- [What you have to do] Which lines of the records below contain the string "Binderen"? Report each of them.

- [Provided data]
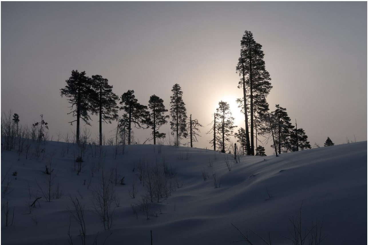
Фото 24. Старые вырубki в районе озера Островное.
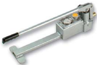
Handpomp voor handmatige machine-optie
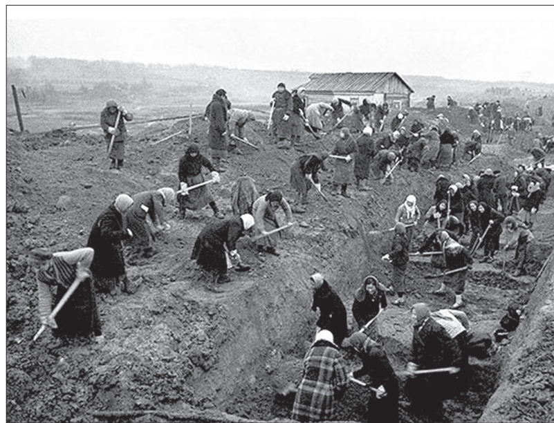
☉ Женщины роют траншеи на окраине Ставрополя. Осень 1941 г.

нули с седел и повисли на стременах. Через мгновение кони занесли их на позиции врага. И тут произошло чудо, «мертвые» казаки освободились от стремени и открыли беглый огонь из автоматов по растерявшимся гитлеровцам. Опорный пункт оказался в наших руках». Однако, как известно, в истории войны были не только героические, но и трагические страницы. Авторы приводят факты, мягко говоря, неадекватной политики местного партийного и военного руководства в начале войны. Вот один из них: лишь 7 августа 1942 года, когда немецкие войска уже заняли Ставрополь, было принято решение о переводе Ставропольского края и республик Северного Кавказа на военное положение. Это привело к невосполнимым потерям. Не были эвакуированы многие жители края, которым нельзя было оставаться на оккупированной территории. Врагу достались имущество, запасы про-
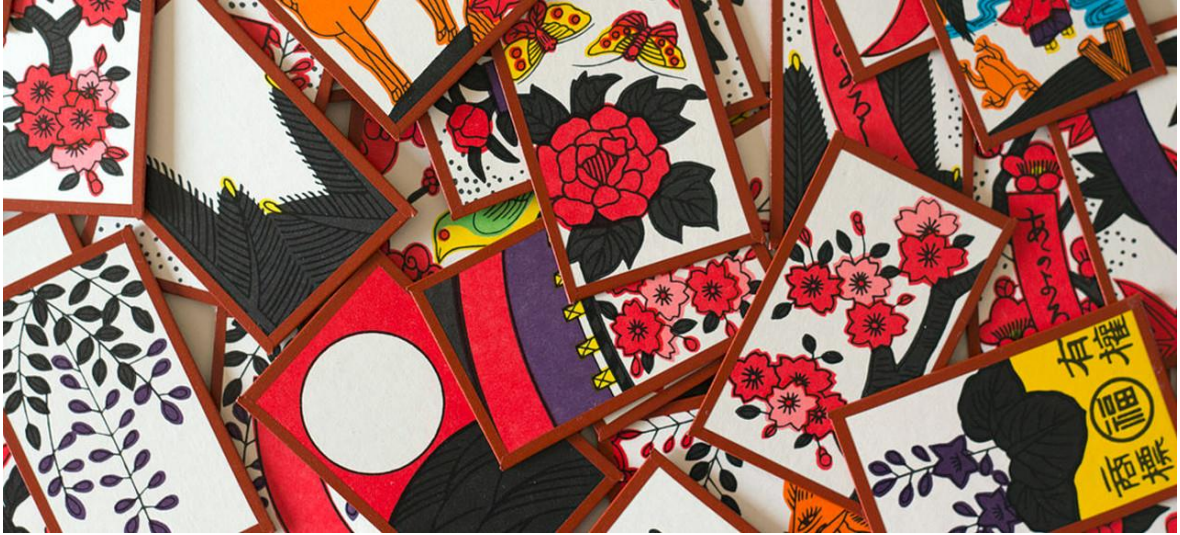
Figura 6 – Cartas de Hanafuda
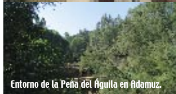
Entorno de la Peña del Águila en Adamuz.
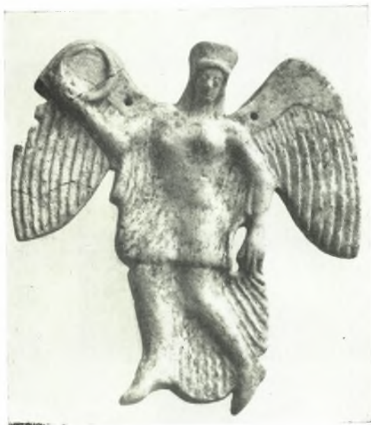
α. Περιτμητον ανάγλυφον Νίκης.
==
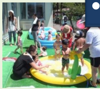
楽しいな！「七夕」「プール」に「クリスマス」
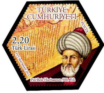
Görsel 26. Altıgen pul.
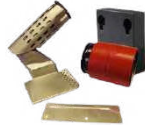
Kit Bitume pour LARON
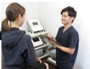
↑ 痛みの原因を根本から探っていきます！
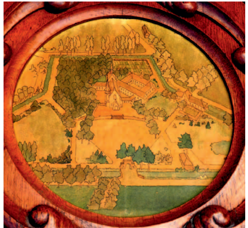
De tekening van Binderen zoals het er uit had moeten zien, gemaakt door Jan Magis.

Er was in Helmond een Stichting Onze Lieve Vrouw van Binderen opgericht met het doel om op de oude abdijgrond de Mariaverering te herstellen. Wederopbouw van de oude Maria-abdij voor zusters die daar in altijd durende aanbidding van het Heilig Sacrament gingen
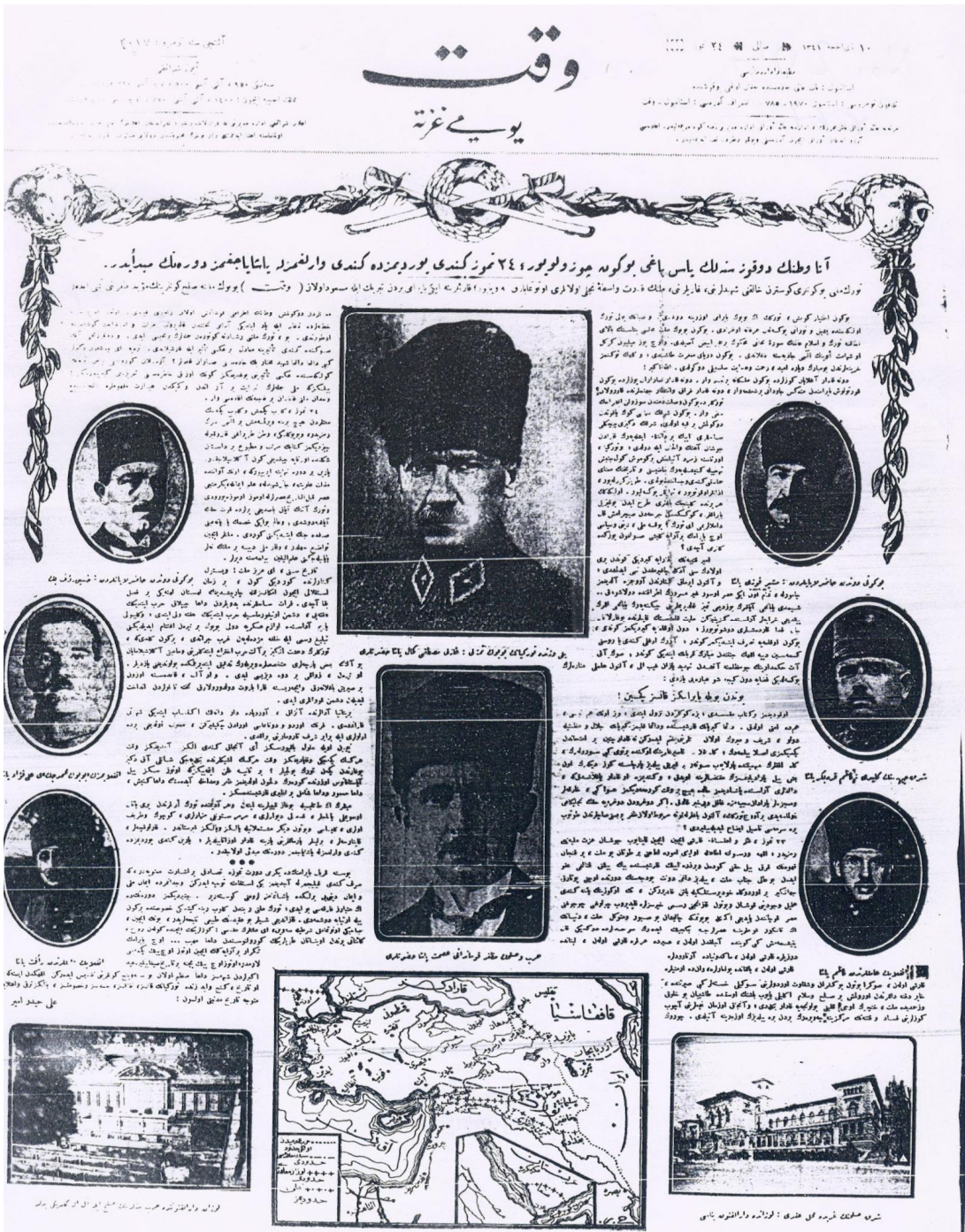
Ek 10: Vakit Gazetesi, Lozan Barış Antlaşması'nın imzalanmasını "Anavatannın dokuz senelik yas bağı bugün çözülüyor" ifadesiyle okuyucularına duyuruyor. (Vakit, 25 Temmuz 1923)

- [Written response]
De tekening van Binderen zoals het er uit had moeten zien, gemaakt door Jan Magis.
Er was in Helmond een Stichting Onze Lieve Vrouw van Binderen opgericht met het doel om op de oude abdijgrond de Mariaverering te herstellen. Wederopbouw van de oude Maria-abdij voor zusters die daar in altijd durende aanbidding van het Heilig Sacrament gingen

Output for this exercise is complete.